[Records from a collection]
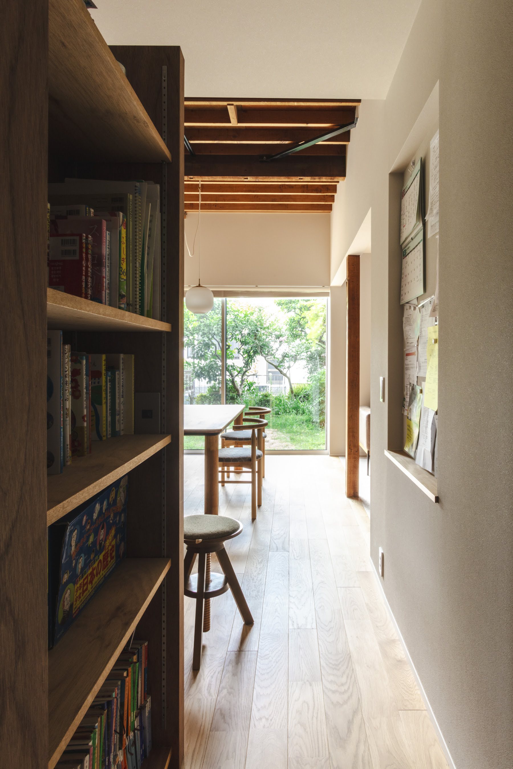 • 廊下には造作で設えた本棚と、壁面のディスプレイコーナーも。高さを抑えた細長い廊下からダイニングへと、シークエンスの変化も楽しめます。
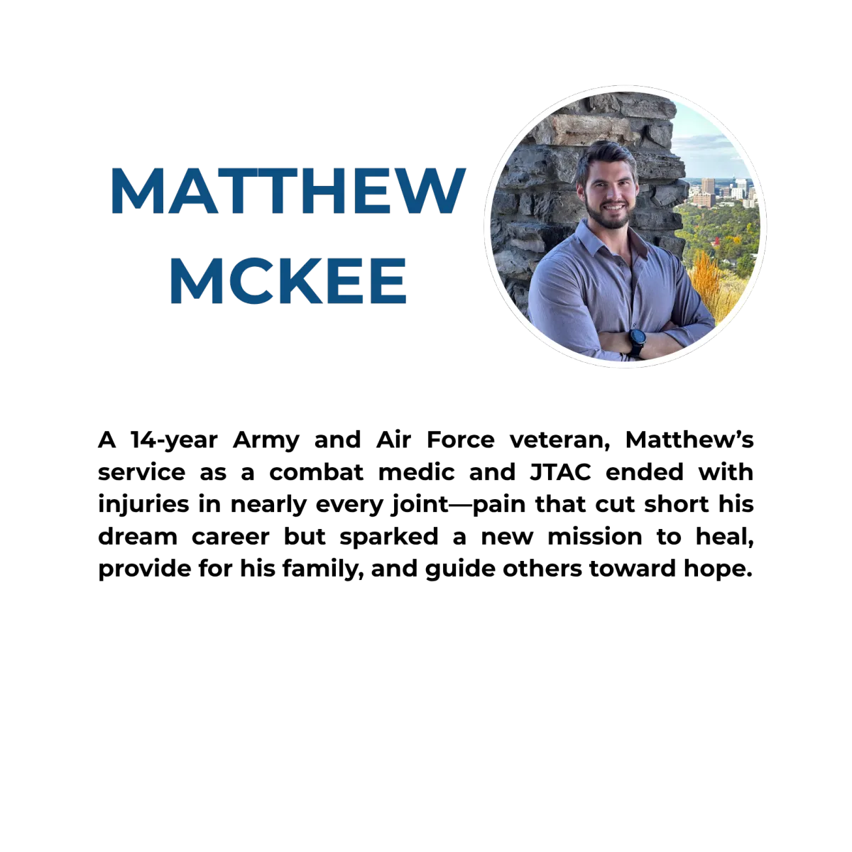 A 14-year Army and Air Force veteran, Matthew’s service as a combat medic and JTAC ended with injuries in nearly every joint—pain that cut short his dream career but sparked a new mission to heal, provide for his family, and guide others toward hope.
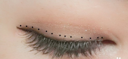 第三步:接着使用上一步骤的眼影盘,自带眼影棒小的那头沾取深色贴近睫毛根部画一条眼线。
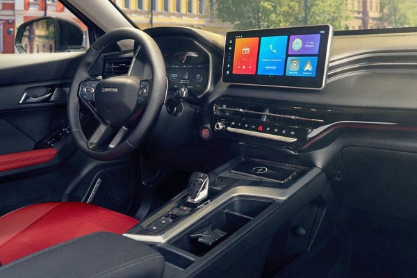 Внешность нашему Jolion подправили два года назад, и на этот раз ее менять не стали. А вот интерьер передали. Внутри установили новую переднюю панель. Также был изменен блок управления на центральной консоли: сами кнопки теперь другие, плюс добавлен кругляш для регулировки громкости. Кроме того, этот блок отныне находится под дефлекторами обдува, а не над ними. Рулевое колесо получило утолщенный обод, к разъемам USB типа A добавили порты типа C (один спереди, два сзади). Как и прежде, в начальных исполнениях Haval Jolion имеет мультимедийную систему с 10-дюймовым планшетом, у версий побогаче – экран диагональю 12,3 дюйма. Мультимедиа – с новым дизайном интерфейса, еще появилось работающее в офлайн-режиме голосовое управление.
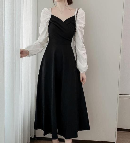 2022春秋新作 女 レディース ハイウエスト 長袖 パフスリーブ ロング ワンピース 台型スカート S-2XL
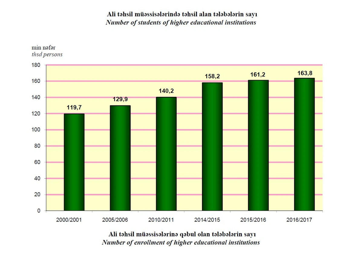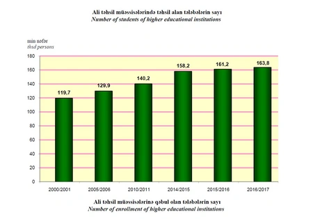 Отметим, что в 2000/2001 учебном году число студентов, обучающихся в высших учебных заведениях, составило 119,7 тыс. человек, в 2015/2016 учебном году - 161,2 тыс., в 2016/2017 учебном году - 163,8 тыс. человек.
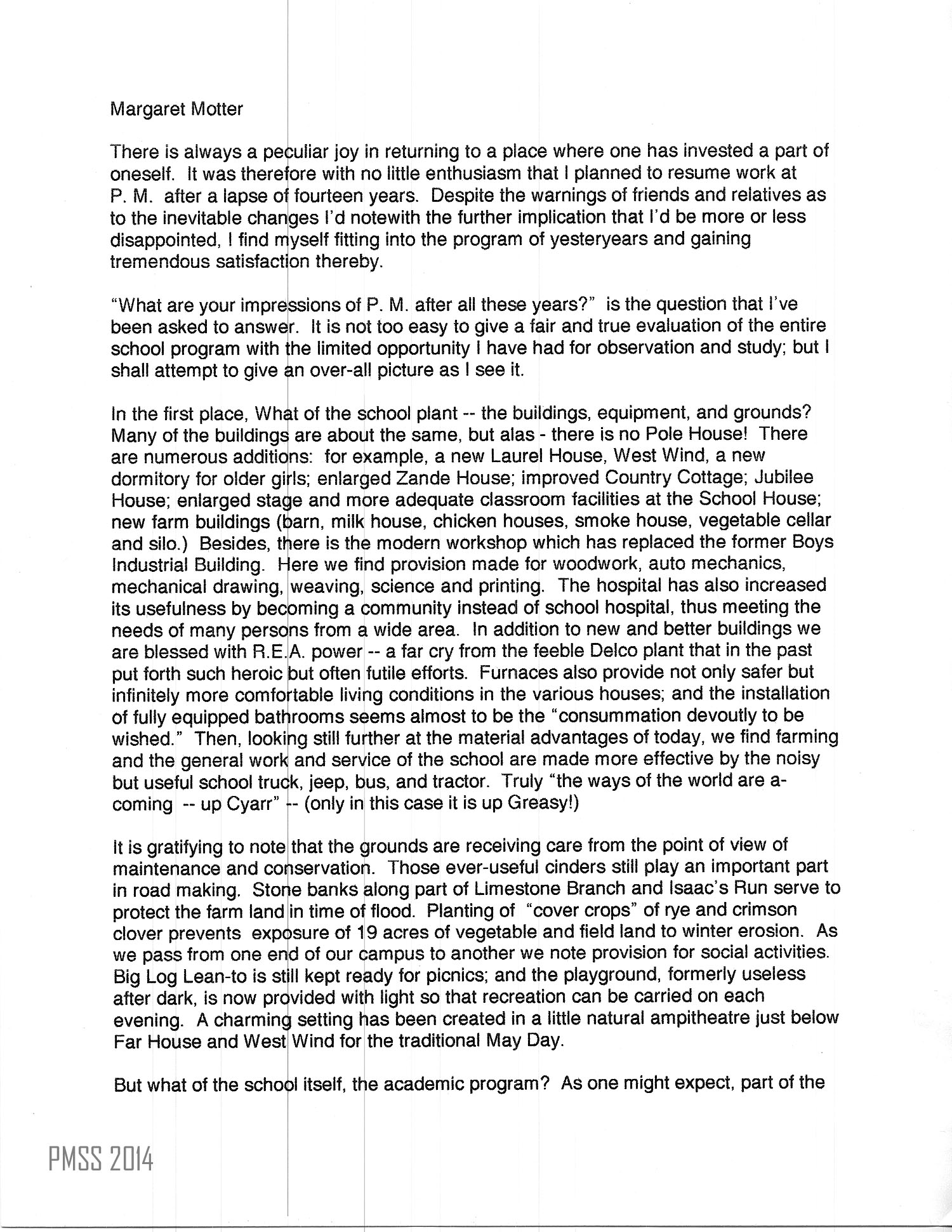 (This essay was probably written in 1946. Margaret Motter returned to work at PMSS 1946-1949 as English teacher and then office worker and publicity person. She had been a teacher and principal from 1928 to 1932.)
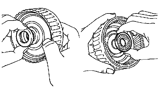 (b) Remove the thrust needle roller bearing and thrust bearing race from the front planetary ring gear.

What is needed
Write out the records above in full and exactly, with no pictures.

Problem solution
 • 廊下には造作で設えた本棚と、壁面のディスプレイコーナーも。高さを抑えた細長い廊下からダイニングへと、シークエンスの変化も楽しめます。
 A 14-year Army and Air Force veteran, Matthew’s service as a combat medic and JTAC ended with injuries in nearly every joint—pain that cut short his dream career but sparked a new mission to heal, provide for his family, and guide others toward hope.
 第三步:接着使用上一步骤的眼影盘,自带眼影棒小的那头沾取深色贴近睫毛根部画一条眼线。
 Внешность нашему Jolion подправили два года назад, и на этот раз ее менять не стали. А вот интерьер передали. Внутри установили новую переднюю панель. Также был изменен блок управления на центральной консоли: сами кнопки теперь другие, плюс добавлен кругляш для регулировки громкости. Кроме того, этот блок отныне находится под дефлекторами обдува, а не над ними. Рулевое колесо получило утолщенный обод, к разъемам USB типа A добавили порты типа C (один спереди, два сзади). Как и прежде, в начальных исполнениях Haval Jolion имеет мультимедийную систему с 10-дюймовым планшетом, у версий побогаче – экран диагональю 12,3 дюйма. Мультимедиа – с новым дизайном интерфейса, еще появилось работающее в офлайн-режиме голосовое управление.
 2022春秋新作 女 レディース ハイウエスト 長袖 パフスリーブ ロング ワンピース 台型スカート S-2XL
 Отметим, что в 2000/2001 учебном году число студентов, обучающихся в высших учебных заведениях, составило 119,7 тыс. человек, в 2015/2016 учебном году - 161,2 тыс., в 2016/2017 учебном году - 163,8 тыс. человек.
 (This essay was probably written in 1946. Margaret Motter returned to work at PMSS 1946-1949 as English teacher and then office worker and publicity person. She had been a teacher and principal from 1928 to 1932.)
 (b) Remove the thrust needle roller bearing and thrust bearing race from the front planetary ring gear.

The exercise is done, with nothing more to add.